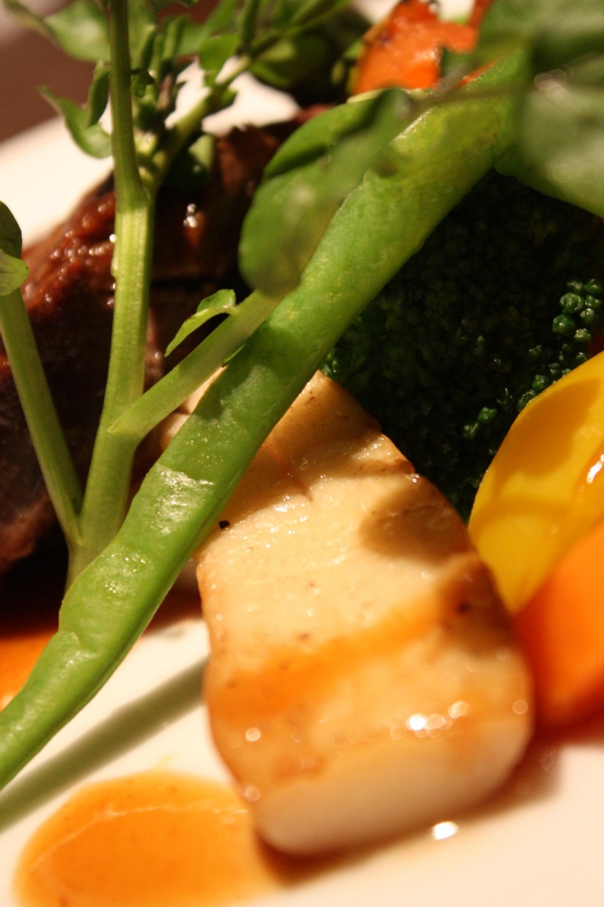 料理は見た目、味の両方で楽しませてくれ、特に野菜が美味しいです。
——————
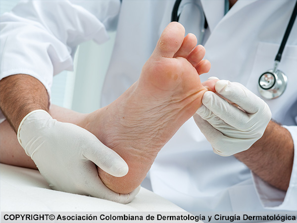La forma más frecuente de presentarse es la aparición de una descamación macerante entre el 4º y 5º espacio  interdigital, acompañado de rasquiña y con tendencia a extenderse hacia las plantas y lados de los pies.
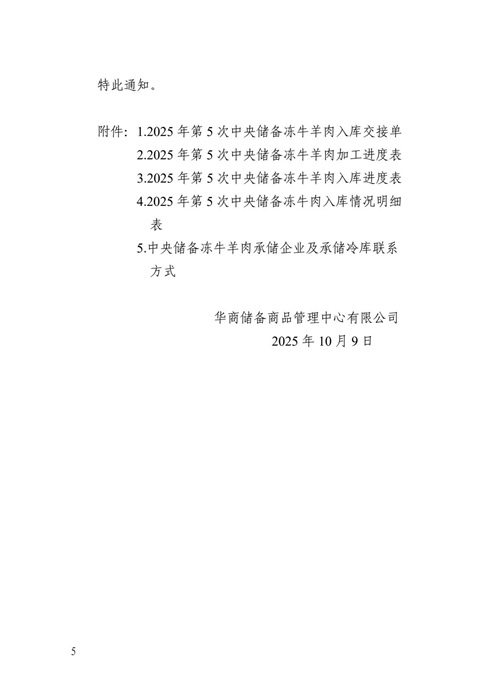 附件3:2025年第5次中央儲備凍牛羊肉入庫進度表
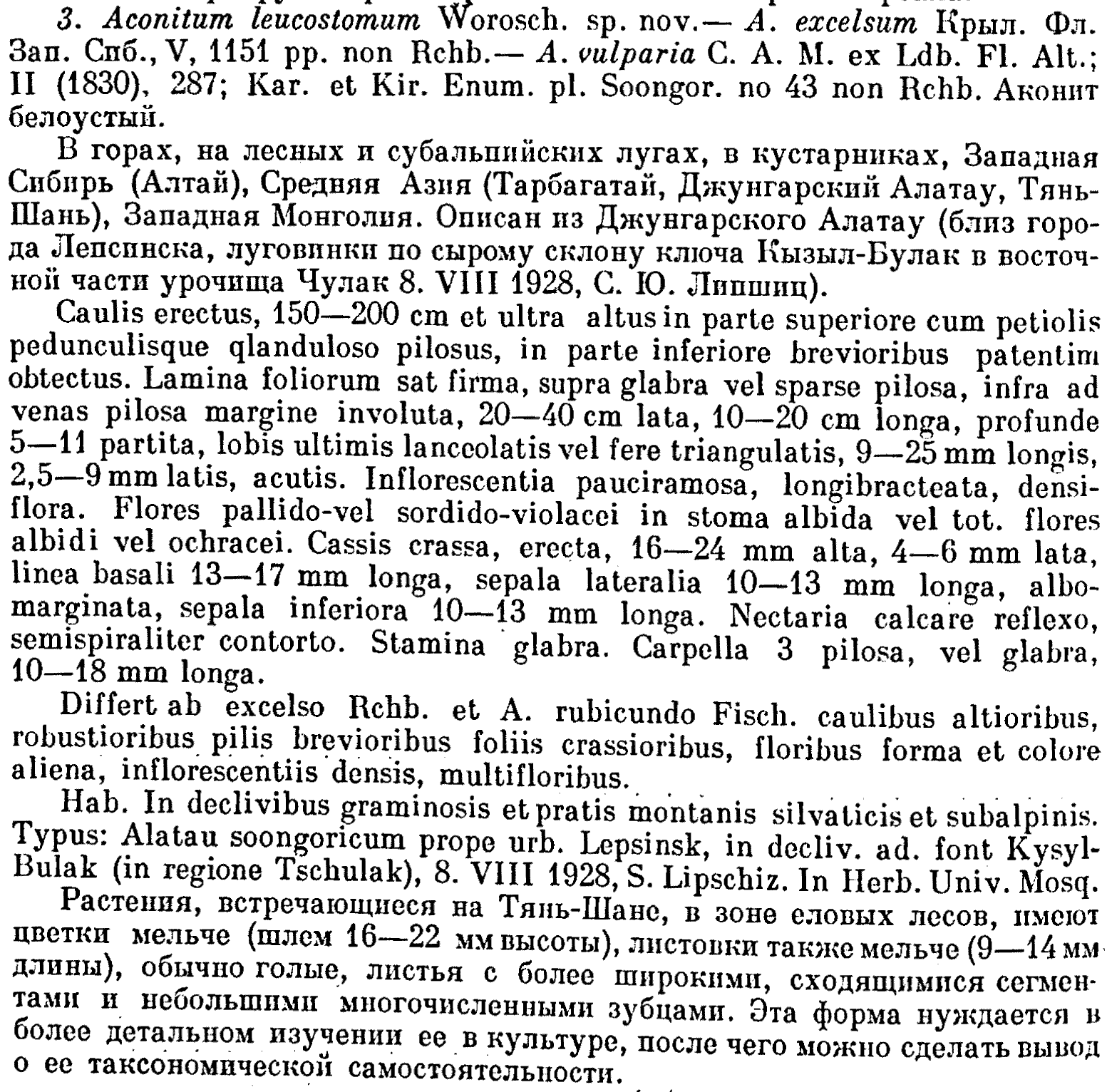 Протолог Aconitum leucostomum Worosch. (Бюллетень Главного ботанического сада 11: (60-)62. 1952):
——————
*TASK STATEMENT:*
Starting at the line above with "La forma más", output every line exactly up to and including the line with "Протолог Aconitum leucostomum", but none of the pictures.

*ANSWER BOX:*
La forma más frecuente de presentarse es la aparición de una descamación macerante entre el 4º y 5º espacio  interdigital, acompañado de rasquiña y con tendencia a extenderse hacia las plantas y lados de los pies.
 附件3:2025年第5次中央儲備凍牛羊肉入庫進度表
 Протолог Aconitum leucostomum Worosch. (Бюллетень Главного ботанического сада 11: (60-)62. 1952):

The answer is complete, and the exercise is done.